The Pap Corps’ Impact
The Pap Corps continues to have a significant impact on South Florida and the cancer research community. Over the years, The Pap Corps has donated over $110 million, including a historic 10-year, $50 million pledge to cancer research. Annually, The Pap Corps donates over $3.6 million to Sylvester Comprehensive Cancer Center at the University of Miami Miller School of Medicine. All funds are used for groundbreaking cancer research and to bring in world-renown cancer researchers to work on eradicating all forms of cancer. All of the funds raised stay here locally and impact cancer patients in our own backyard. Over 83 cents of every dollar raised funds cancer research.

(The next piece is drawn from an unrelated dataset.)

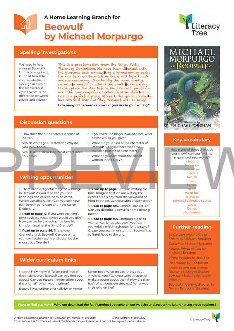 This is a Home Learning Branch for Beowulf. These branches are designed to support home learners to access literature-based learning using a selection of books we love from Writing Roots. They include purposeful writing suggestions, links to the wider curriculum so that texts can be used across other subjects, key questions as well as spelling or phonics investigations.

2018 Impact on Cancer Research
Fiscal Year 2018 (June 1, 2017 – May 31, 2018) was another busy and productive year for The Pap Corps. Our members raised an impressive $3.6 million for Sylvester Comprehensive Cancer Center. Support from The Pap Corps has helped facilitate the recruitment of top-notch physicians and scientists, support several research initiatives and advance research within several programs. These programs include:
The goal of the TB Program is to advance the understanding of cancer biology in ways that can support translational research in line with Sylvester’s strategic plan while striving to catalyze high-impact discoveries that will specifically address the diverse needs of Sylvester’s catchment area and beyond.
The Cancer Epigenetics (CE) research program, co-led by Ramin Shiekhattar, PhD and Maria Figueroa, MD, aims to incorporate basic and clinical research in the field of cancer epigenetics, taking into account the diverse needs present within Sylvester’s catchment area, and to pinpoint epigenetic factors that contribute to cancer risk, initiation, progression, and treatment response.
Precision Medicine is a new method of approaching cancer care. Thanks to the advances in molecular testing, an individual patients’ tumor can be analyzed for unique biomarkers that can then direct therapy choices.
The objective of the Cancer Control (CC) research program, co-led by Frank J. Penedo, PhD and Erin Kobetz, PhD, MPH, is to advance the science of cancer control, particularly for the diverse communities that comprise South Florida, Sylvester’s catchment area.
The funds allocated to Pediatric Cancer have helped support Dr. Julio C. Barredo, Professor for the Department of Pediatrics, in order to enable him to continue doing research that focuses on the molecular mechanisms leading to cancer cell sensitivity and resistance to conventional chemotherapy and molecular targeted agents.
Glioblastoma Multiforme (GBM) is one of the fastest growing and most aggressive types of brain tumors in adults that is formed in the supportive tissue of the brain. The funds allocated to GBM have helped support the research showing that HOTAIR levels are controlled by an epigenetic regulator named BRD4.